Updated on 2024-11-29 GMT+08:00

Restoring Data using Solr

Scenario

This section describes how to use Solr to restore HDFS data that is mistakenly deleted during the deletion of indexes or replicas.

Prerequisites

  • Solr has been installed and HDFS is running properly. Solr data is stored in HDFS. You can determine whether Solr data is stored in HDFS by checking whether the value of INDEX_STORED_ON_HDFS is true.
  • The client has been installed in a directory, for example, /opt/client.
  • The HDFS recycle bin mechanism has been enabled for the cluster (this function is enabled by default).
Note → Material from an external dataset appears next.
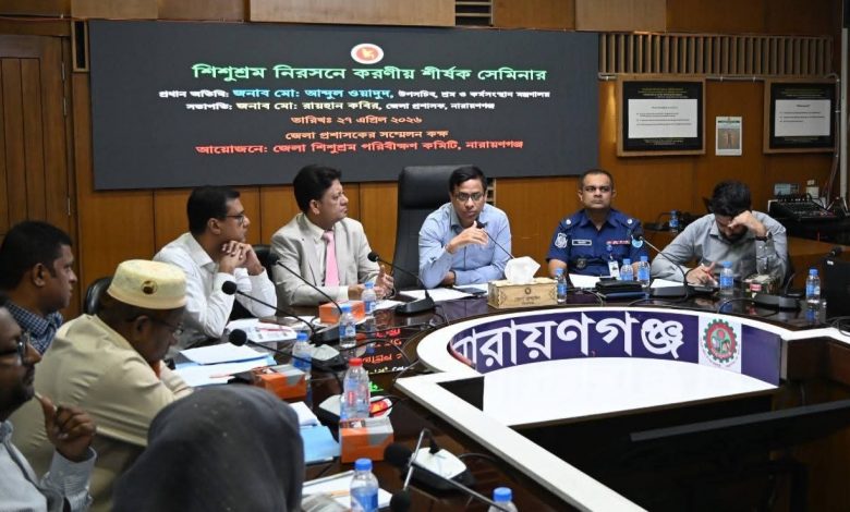 খবর নারায়ণগঞ্জ.কম:শিশুশ্রম নিরসন ও শিশু অধিকার সুরক্ষার লক্ষ্যে নারায়ণগঞ্জে ‘শিশুশ্রম নিরসনে করণীয়’ শীর্ষক সেমিনার অনুষ্ঠিত হয়েছে। সোমবার, ২৭ এপ্রিল জেলা প্রশাসকের কার্যালয়ের সম্মেলন কক্ষে এ সেমিনার অনুষ্ঠিত হয়।

Periodic Solr tasks for backing up metadata exist and are running properly.
  • If the cluster is in security mode, ensure that you have created a user who has operation permissions on Solr and HDFS, for example, testuser (skip this step in normal mode).

Procedure

  1. Restore Solr metadata and restart the Solr service. For details, see "Restoring Solr Metadata" in .
  2. On FusionInsight Manager, choose Cluster > Services > Solr. On the displayed page, click Stop Service, verify the password, and wait until the service is stopped.
  3. Log in to the node where the client is installed as the client installation user. Run the following commands to log in to the client and authenticate the user:

    cd /opt/client

    source bigdata_env

    kinit testuser (skip this step if the cluster is in normal mode. Change the password upon the first authentication.)

  4. Run the command for each copy to copy the data in the HDFS recycle bin to the HDFS data directory of the index.

    For example, if the index name is test1 and the replica name is core_node3, run the following command:

    hdfs dfs -cp -f /user/solr/.Trash/Current/solr/collections/test1/core_node3/data /solr/collections/test1/core_node3

    Specifically:

    • -f: indicates the enhanced parameter that is used for forcibly overwriting the data.
    • Index name and replica name: Log in to the Solr Admin page as a service user. In the navigation pane on the left, choose Collections to view the index name (Collection) and replica name (Replica).

    • The HDFS recycle bin creates a new checkpoint directory after the previous checkpoint and copies the data in the recycle bin to the new checkpoint directory. If HDFS creates a new checkpoint directory during Solr index data restoration, index data restoration may fail. To prevent this problem, increase the value of fs.trash.checkpoint.interval of HDFS to reduce the frequency of creating checkpoints.

  5. On FusionInsight Manager, choose Cluster > Services > Solr, click Start Service, and wait until the service is started.